Notation:
For matrices $A,B\in\mathbb R^{n\times m}$, we define the inner product $\langle A,B\rangle=\sum_{i,j}A_{ij}B_{ij}$
The basis vector $e_i$ is equal to $1$ at position $i$ and $0$ otherwise.
Problem:
Consider the function $f:\mathbb R^{n\times n}\times \mathbb R^{d\times n}\to \mathbb R$ such that $$f(X,Y)=\langle W, X-Y^\intercal Y\rangle.$$ My goal is to determine when the derivative of $f$ with respect to $X$ and $Y$ are equal to $0$. From what I understand, we can take $\nabla_Xf=W$. However, for $\nabla_Yf$, we should consider the matrix $M$ labeled with $$M_{ij}=\frac{\partial f}{\partial Y_{ij}}=e_j^\intercal WY^\intercal e_i$$ (here $e_j\in\mathbb R^n$, while $e_i\in\mathbb R^d$), meaning $M=WY^\intercal$. The problem is that $M$ is of size $d\times n$, so I'm not sure how to describe when the derivative of $f$ is equal to some matrix $Z$.
Attempt:
I thought about trying to represent the problem in a way where everything is the same shape. I noticed \begin{align} \langle W,Y^\intercal Y\rangle&=\text{Trace}(W^\intercal Y^\intercal Y)\\ &=\text{Trace}(YW^\intercal Y^\intercal)\\ &=\langle WY^\intercal, Y^\intercal\rangle\\ &=\left\langle\begin{bmatrix} 0&Y^\intercal\\ Y&0 \end{bmatrix}, \begin{bmatrix} 0&WY^\intercal\\ YW^\intercal&0 \end{bmatrix} \right\rangle, \end{align} meaning we can rewrite $f$ as $$ f(X, Y)=\left\langle\begin{bmatrix} X&Y^\intercal\\ Y&0 \end{bmatrix}, \begin{bmatrix} W&-WY^\intercal/2\\ -YW^\intercal/2&0 \end{bmatrix} \right\rangle $$ so I'm thinking we can represent $\nabla_{X,Y}f$ as $$\begin{bmatrix} W&-WY^\intercal/2\\ -YW^\intercal/2&0\end{bmatrix}.$$
If $Z=\begin{bmatrix} Z_1&Z_2^\intercal\\ Z_2 & Z_3 \end{bmatrix}$,
Then the derivative is equal to $Z$ when $W=Z_1$, $YW^\intercal=-2Z_2$ (meaning $Y^\intercal=-2W^+Z_2$?), and $Z_3=0$.

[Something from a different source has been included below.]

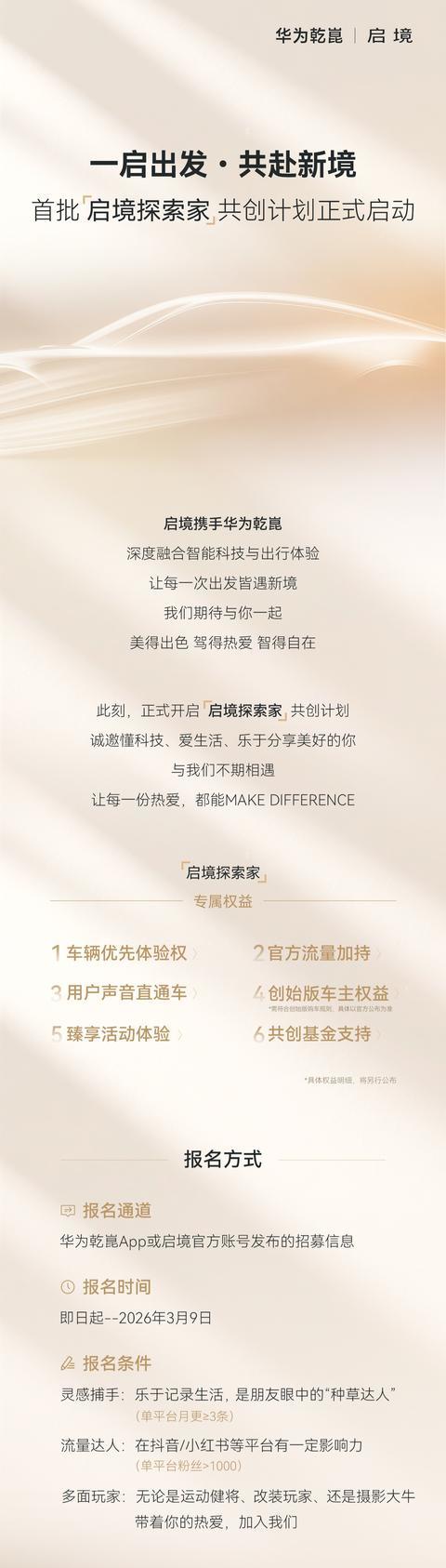IT之家 2 月 28 日消息,华为乾崑 | 启境汽车今日宣布,首批「启境探索家」共创计划正式启动,提供 6 项专属权益:

Does this make any sense? How is this usually done?
To talk about gradients, you need an inner product. You are using the Frobenius inner product on $\mathbb R^{n\times m}$. You need to first consider what inner product you are using on $\mathbb R^{n\times n}\times \mathbb R^{d\times n}$. A reasonable choice here is $\langle (X_1,Y_1) , (X_2,Y_2)\rangle =\langle X_1, X_2 \rangle + \langle Y_1, Y_2 \rangle$ (sum of the Frobenius inner products).

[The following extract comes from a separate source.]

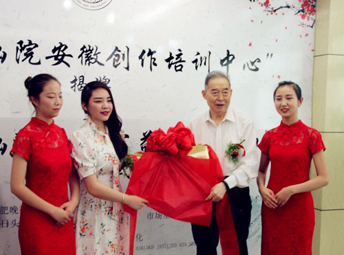 中國書畫院藝術(shù)總監(jiān)張冰先生介紹中國中國書畫院概況;中國書畫院副秘書長、中國書畫院安徽分院行政院長、中國書畫院安徽創(chuàng)作培訓(xùn)中心負責(zé)人王衛(wèi)民先生、安徽省書協(xié)副主席、安徽省書畫創(chuàng)作研究院院長陳建國先生、安徽省工商聯(lián)企業(yè)家及藝術(shù)家聯(lián)合會秘書長江華先生、安徽省文史館館員、省美協(xié)顧問、中國書畫院安徽分院院長朱秀坤先生先后致辭;安徽省軍區(qū)原司令員沈善文將軍和中國書畫院常務(wù)秘書長許可女士為“中國書畫院安徽創(chuàng)作培訓(xùn)中心”揭牌。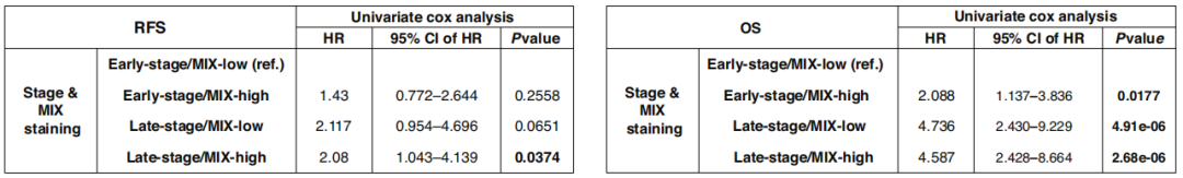 作者下一步评估MIX阳性细胞是否可以预测患者的复发或生存预后。生存曲线和单变量Cox模型对MIX评分OS的预后意义支持较弱。生存曲线显示高MIX染色是早期NSCLC的不良预后因素,但对晚期预后没有帮助。

However, this seems like notational overkill here.
If you are just trying to find the derivatives with respect to $X,Y$ separately you do not need to go this route. Since we can write $f(X,Y) = f_1(X) + f_2(Y)$, it is easier to take the gradients of $X,Y$ separately.

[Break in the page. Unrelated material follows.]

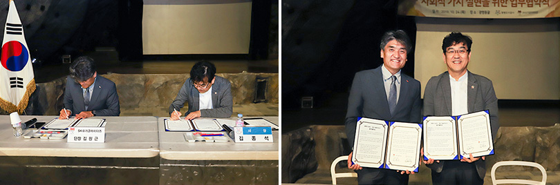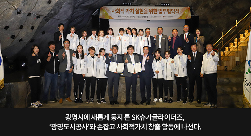 SK슈가글라이더즈는 10월 24일, 광명동굴 예술의 전당에서 광명시 산하 ‘광명도시공사’와 ‘사회적가치 실현을 위한 업무협약’을 체결했다. 이 자리에는 광명도시공사 김종석 사장, 광명시청 신민철 문화체육과장, SK슈가글라이더즈 김원근 단장 및 소속 선수 등 행사 관계자 30여 명이 참석했다.

Let $f_1(X) =\langle W, X\rangle$, $f_2(Y) = \langle W, Y^T Y\rangle$,
Since $f_1$ is linear, the gradient with respect to $X$ is just $W$.
For $f_2$, we can expand explicitly to get $f_2(Y+H)= \langle W, (Y^T +H^T) (Y+H)\rangle$ and we can write this as $f_2(Y+H)-f_2(Y) = L(H) + \langle W, H^T H\rangle$ where $L$ is the linear term from which we will extract the gradient.
Some easy identities for the Frobenius inner product are $\langle A, B\rangle = \langle B, A\rangle = \langle A^T, B^T\rangle$, $\langle A, BC\rangle =\langle B^TA, C\rangle$.
Using these we get $L(Y) = -\langle W, Y^TH +H^TY \rangle = \langle -Y(W+W^T), H \rangle$ and so we see that the gradient with respect to $Y$ is $-Y(W+W^T)$.
In particular, the only way the gradient with respect to $X$ can be zero is if $W=0$.